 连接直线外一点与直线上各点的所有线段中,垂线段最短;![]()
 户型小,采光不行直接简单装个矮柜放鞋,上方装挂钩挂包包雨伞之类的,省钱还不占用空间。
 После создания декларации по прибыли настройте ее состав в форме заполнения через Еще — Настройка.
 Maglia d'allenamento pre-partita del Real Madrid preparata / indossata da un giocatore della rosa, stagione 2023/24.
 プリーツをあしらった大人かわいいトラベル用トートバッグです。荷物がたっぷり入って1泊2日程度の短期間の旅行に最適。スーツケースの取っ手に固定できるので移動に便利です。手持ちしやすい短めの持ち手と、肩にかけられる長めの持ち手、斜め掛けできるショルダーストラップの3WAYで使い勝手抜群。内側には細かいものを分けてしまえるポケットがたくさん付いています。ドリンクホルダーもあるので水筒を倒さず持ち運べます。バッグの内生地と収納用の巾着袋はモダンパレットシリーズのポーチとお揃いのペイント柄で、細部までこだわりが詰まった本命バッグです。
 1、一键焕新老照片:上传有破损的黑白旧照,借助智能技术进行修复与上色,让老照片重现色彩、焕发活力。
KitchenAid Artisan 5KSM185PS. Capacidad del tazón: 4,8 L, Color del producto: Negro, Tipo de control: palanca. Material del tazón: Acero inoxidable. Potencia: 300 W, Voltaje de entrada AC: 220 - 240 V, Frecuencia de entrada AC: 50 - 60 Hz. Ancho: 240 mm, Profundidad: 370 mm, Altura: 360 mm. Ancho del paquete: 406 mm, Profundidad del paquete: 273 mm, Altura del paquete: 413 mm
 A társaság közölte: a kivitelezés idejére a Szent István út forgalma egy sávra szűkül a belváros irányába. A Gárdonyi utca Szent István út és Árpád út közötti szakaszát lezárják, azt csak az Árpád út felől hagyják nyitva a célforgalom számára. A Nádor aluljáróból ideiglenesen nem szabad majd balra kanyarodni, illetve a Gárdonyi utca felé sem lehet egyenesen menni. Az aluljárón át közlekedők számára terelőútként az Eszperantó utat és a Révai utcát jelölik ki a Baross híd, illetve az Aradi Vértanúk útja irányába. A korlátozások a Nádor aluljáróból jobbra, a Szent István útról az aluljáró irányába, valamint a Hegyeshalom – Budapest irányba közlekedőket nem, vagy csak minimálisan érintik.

▶ **What you are asked to do**: Exactly as it appears above, retype the material in full.

▶ **Worked solution**:
 连接直线外一点与直线上各点的所有线段中,垂线段最短;![]()
 户型小,采光不行直接简单装个矮柜放鞋,上方装挂钩挂包包雨伞之类的,省钱还不占用空间。
 После создания декларации по прибыли настройте ее состав в форме заполнения через Еще — Настройка.
 Maglia d'allenamento pre-partita del Real Madrid preparata / indossata da un giocatore della rosa, stagione 2023/24.
 プリーツをあしらった大人かわいいトラベル用トートバッグです。荷物がたっぷり入って1泊2日程度の短期間の旅行に最適。スーツケースの取っ手に固定できるので移動に便利です。手持ちしやすい短めの持ち手と、肩にかけられる長めの持ち手、斜め掛けできるショルダーストラップの3WAYで使い勝手抜群。内側には細かいものを分けてしまえるポケットがたくさん付いています。ドリンクホルダーもあるので水筒を倒さず持ち運べます。バッグの内生地と収納用の巾着袋はモダンパレットシリーズのポーチとお揃いのペイント柄で、細部までこだわりが詰まった本命バッグです。
 1、一键焕新老照片:上传有破损的黑白旧照,借助智能技术进行修复与上色,让老照片重现色彩、焕发活力。
KitchenAid Artisan 5KSM185PS. Capacidad del tazón: 4,8 L, Color del producto: Negro, Tipo de control: palanca. Material del tazón: Acero inoxidable. Potencia: 300 W, Voltaje de entrada AC: 220 - 240 V, Frecuencia de entrada AC: 50 - 60 Hz. Ancho: 240 mm, Profundidad: 370 mm, Altura: 360 mm. Ancho del paquete: 406 mm, Profundidad del paquete: 273 mm, Altura del paquete: 413 mm
 A társaság közölte: a kivitelezés idejére a Szent István út forgalma egy sávra szűkül a belváros irányába. A Gárdonyi utca Szent István út és Árpád út közötti szakaszát lezárják, azt csak az Árpád út felől hagyják nyitva a célforgalom számára. A Nádor aluljáróból ideiglenesen nem szabad majd balra kanyarodni, illetve a Gárdonyi utca felé sem lehet egyenesen menni. Az aluljárón át közlekedők számára terelőútként az Eszperantó utat és a Révai utcát jelölik ki a Baross híd, illetve az Aradi Vértanúk útja irányába. A korlátozások a Nádor aluljáróból jobbra, a Szent István útról az aluljáró irányába, valamint a Hegyeshalom – Budapest irányba közlekedőket nem, vagy csak minimálisan érintik.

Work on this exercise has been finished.